The customer shall if required by the Company accept delivery by instalments but shall not be entitled to demand delivery by instalments. In the event of the contract providing that goods shall be delivered or work shall be completed by instalments each instalment shall be considered to be a separate contract and construed as such in accordance with these conditions. In particular failure by the customer to make payment by due date for any one instalment for whatsoever reason entitles the Company to suspend deliveries or work upon this or any other contract between the Company and the customer but without prejudice to any other rights the Company may have under the provisions of such contract. In the case of partial completion of an order the Company shall be entitled to payment pro rata in respect of all goods supplied without prejudice to the Company’s rights should non completion be occasioned by the customer’s acts or default.

Right Of Set Off

The Customer shall pay the purchase price in accordance with the terms of the contract and shall not be entitled to make any deductions or set off against such payments either in respect of any claim arising under this contract or any other contract made between the customer and the Company or for any other reason.

9. Loss Or Damage In Transit.

Please do not sign for the delivery before checking thoroughly for any damages that may have occurred in transit. If damage has occurred, the goods should be rejected at point of delivery or signed for as “DAMAGED” and reported to the company within 3 working days. If you cannot check the delivery at the time please write “UNCHECKED” next to your signature, but ensure the goods are checked and any damage reported to the company within 3 working days of the delivery.

Costs for damages cannot be obtained by the company from the transport company if the client has signed for the goods; as by doing so the goods are deemed to have been received „in good condition.‟ The company cannot accept any claims for any consequential loss thereafter, no matter how caused, if the client has failed to comply with these conditions.

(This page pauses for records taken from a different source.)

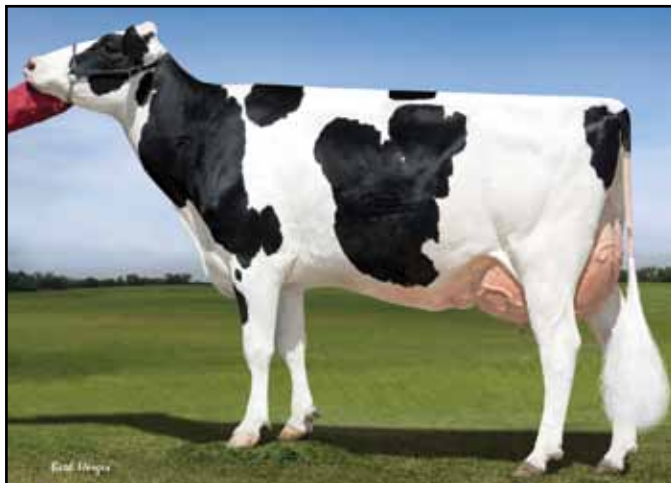
SANDY-VALLEY ROBUST RUBY VG-87 2-4 2x 305 29,450 3.2 950 3.1 916

Her VG-86 Uno sells fresh and along with her 2816 GTPI Jedi born in July and ready to flush. This family has continuous spiked over PA and they like to make embryos!!! Next dam is Gold Invite Ex 94 Nom. All-Canadian followed by a VG 88 Shottle back to Dellia 2E95. Flush age and over 2800 and available doesn't happen very often.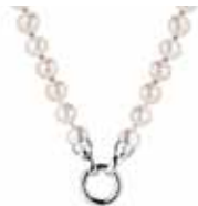
CREAM PEARL short $179, standard $189 medium $219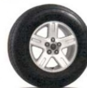
16" Aluminum Wheel Standard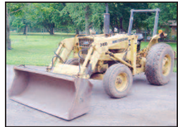
'87 FORD 340B

(Purchased New) FORD Model 2600 Utility Tractor , s/n C650967, powered by Ford 3 cylinder diesel engine and 8 speed direct drive transmission, equipped with Ford loader attachment with general purpose loader bucket, 3-point hitch, rear wheel counterweights, sun canopy, 7x16 front and 13.6x28 rear tires. In good condition with good tires.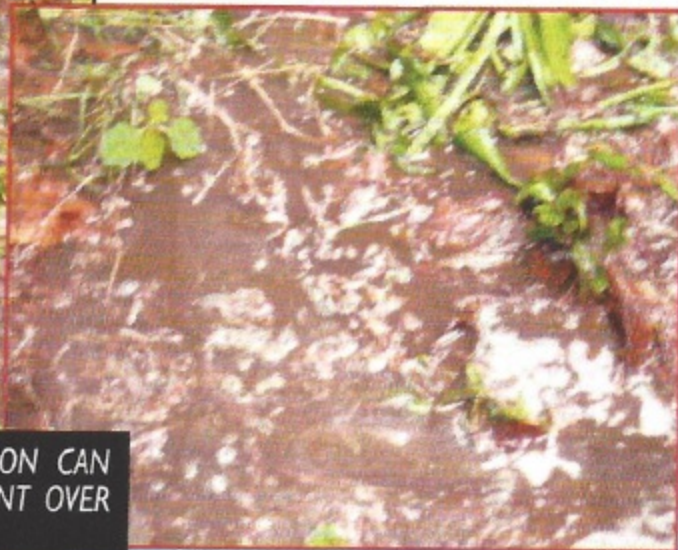
FLOODING BY THE FOUNDATION CAN OVERFLOW INTO THE BASEMENT OVER THE FOUNDATION WALL.

Our " Curtain Drain™ " system is an economical and effective system for added peace-of-mind. In addition, we can install our Finish White™ panels to the inside basement walls which would allow water to flow behind them so that the water will be re-routed into a full perimeter system beneath the floor on the inside.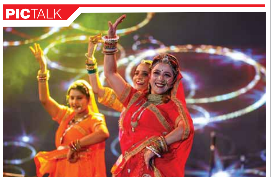
Folk dancers perform during the celebration of the 297th foundation day of 'Pink City', Jaipur

tion, highlighting the BJP's failure to protect Maharashtra's economic interests, including the recent relocation of major industrial projects to Gujarat. This election also reflects national-level dynamics. The results will test the BJP's ability to maintain its dominance amid growing opposition unity and could signal the strength of the Congress and its allies. A victory for the MVA might energise the national opposition, while a BJP win could consolidate its position. With a fragmented political landscape, Maharashtra's election promises to be closely contested. Its outcome will likely shape not only the state's future but also set the tone for national politics in the coming years. The political landscape of the state stands at a crossroads today. With a deeply fragmented Shiv Sena, intense debates over Maratha reservations, and agrarian distress weighing on rural voters, this election carries stakes far beyond the state's borders. The outcome would indeed be a pointer to the prowess of the BJP at the national level and the resilience of the INDI alliance. Besides the state is an economic powerhouse and whosoever rules the state also enjoys the support of corporate world to keep its momentum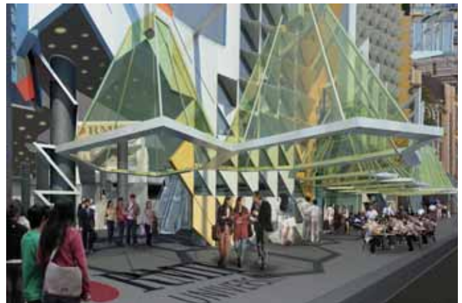
The striking Swanston Street entrance to the Swanston Academic Building which is set to transform the northern end of the CBD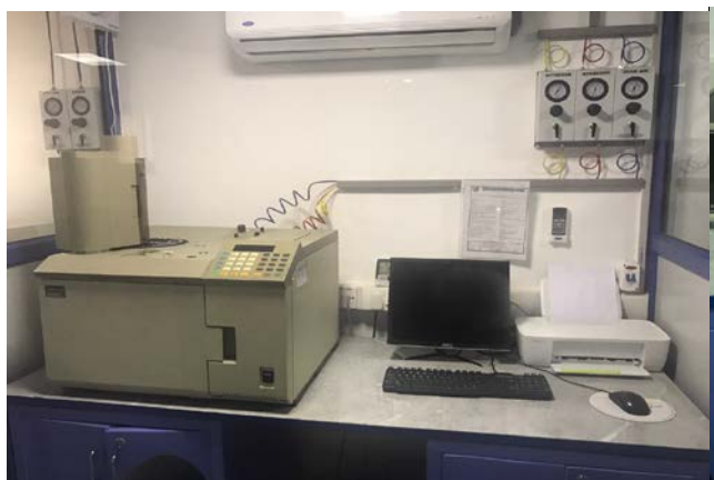
GAS LIQUID CHROMATOGRAPH (GLC)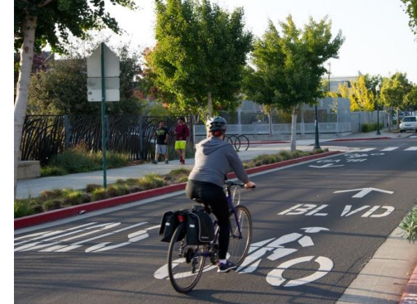
Community Engagement and Coalition Development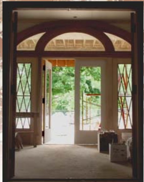
Interior renovations are restoring Carnall Hall's architectural finery. The overhaul will give the former women's dormitory new life as a hotel and restaurant.

T he Inn at Carnall Hall will open this summer, and hospitality and restaurant management students in the School of Human Environmental Sciences and Bumpers College will attend classes there this fall.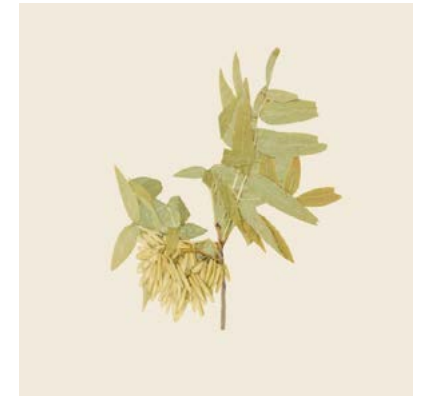
Fraxinus nigra , New York State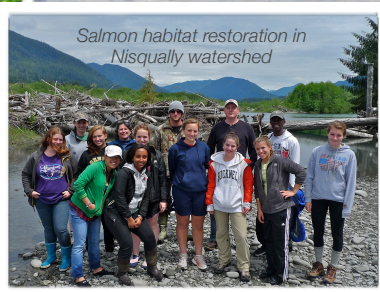
Salmon habitat restoration in Nisqually watershed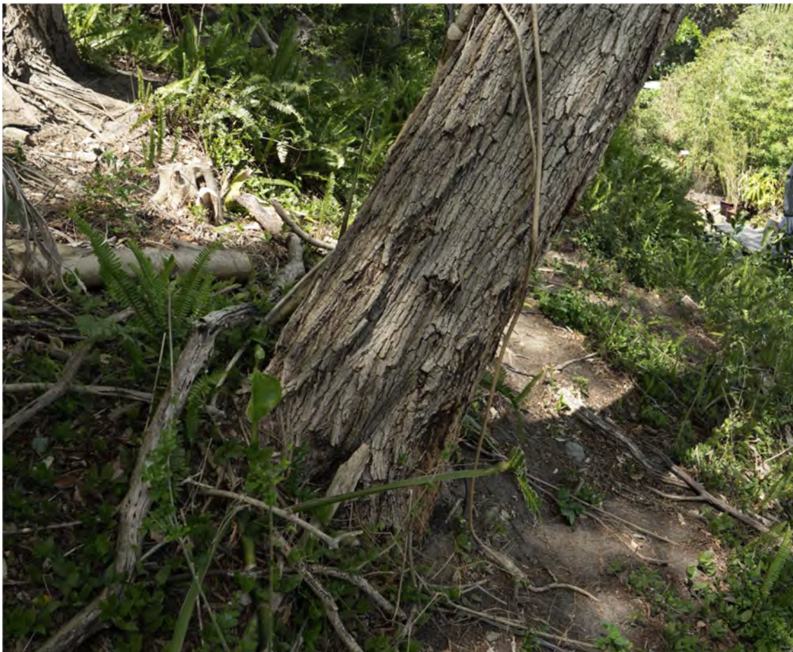
Image 3: The base of Tree 3 with exposed roots. Photograph was taken using the camera's on-board level to demonstrate the lean of the tree.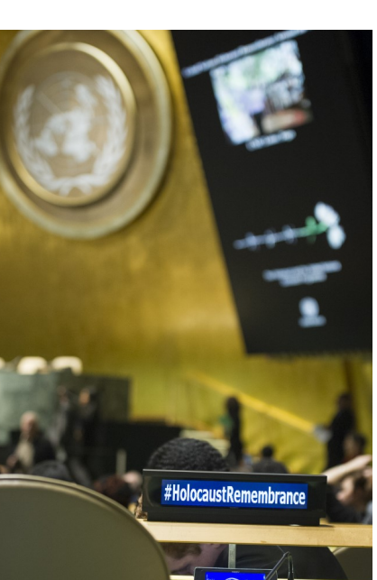
Commemoration in Memory of Victims of Holocaust

"Today is a day to remember, reflect and look forward. The world has a duty to remember that the Holocaust was a systematic attempt to eliminate the Jewish people and so many others. There is no better education for the future than the guarantee that we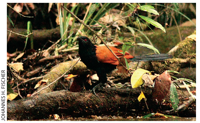
Plate 1. Short-toed Coucal Centropus rectunguis, 22 April 2014.

10. The company’s liability in respect of goods lost or damaged

The company’s liability in respect of goods lost or damaged in transit under condition 12 of these conditions is limited to repair or at its discretion replacement of any such goods or materials lost or damaged in transit and of the customer requested by the Company so to do he shall ensure that the goods in question are returned to the Company’s premises within 21 days of the date of the written notice referred to in condition 12 of these conditions.

11. Errors

The Company reserves the right to correct any clerical or typographical errors made by its employees, agents or servants at any time.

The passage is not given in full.